*Task statement*. Without including any pictures, reproduce all the lines below word for word.
==== Input data
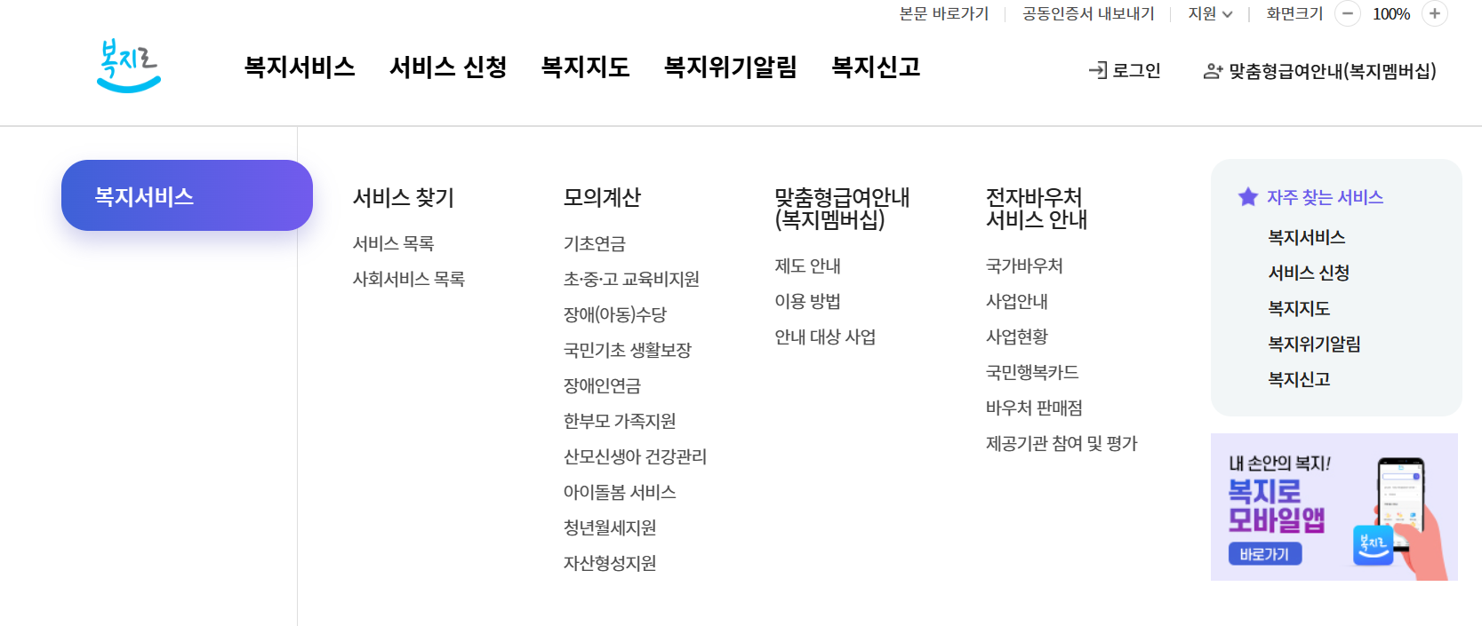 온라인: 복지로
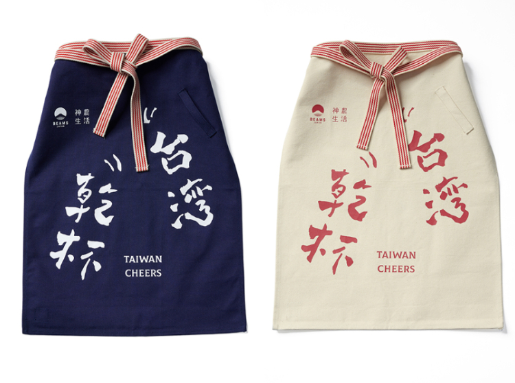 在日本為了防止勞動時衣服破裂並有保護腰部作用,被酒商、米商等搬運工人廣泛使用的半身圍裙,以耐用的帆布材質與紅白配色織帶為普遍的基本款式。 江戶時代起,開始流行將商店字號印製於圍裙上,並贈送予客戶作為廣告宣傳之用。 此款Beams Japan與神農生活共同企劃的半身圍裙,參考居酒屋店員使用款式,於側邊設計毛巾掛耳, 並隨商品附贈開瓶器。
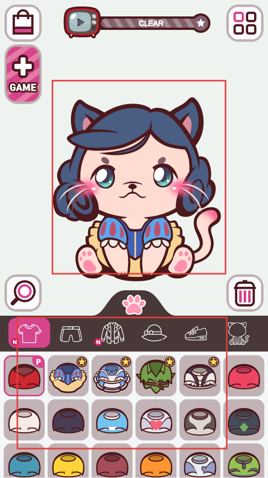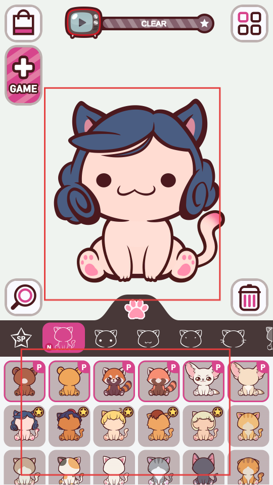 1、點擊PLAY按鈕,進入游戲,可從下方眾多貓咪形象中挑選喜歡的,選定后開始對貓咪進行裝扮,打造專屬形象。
========
*Answer to the exercise*.
 온라인: 복지로
 在日本為了防止勞動時衣服破裂並有保護腰部作用,被酒商、米商等搬運工人廣泛使用的半身圍裙,以耐用的帆布材質與紅白配色織帶為普遍的基本款式。 江戶時代起,開始流行將商店字號印製於圍裙上,並贈送予客戶作為廣告宣傳之用。 此款Beams Japan與神農生活共同企劃的半身圍裙,參考居酒屋店員使用款式,於側邊設計毛巾掛耳, 並隨商品附贈開瓶器。
 1、點擊PLAY按鈕,進入游戲,可從下方眾多貓咪形象中挑選喜歡的,選定后開始對貓咪進行裝扮,打造專屬形象。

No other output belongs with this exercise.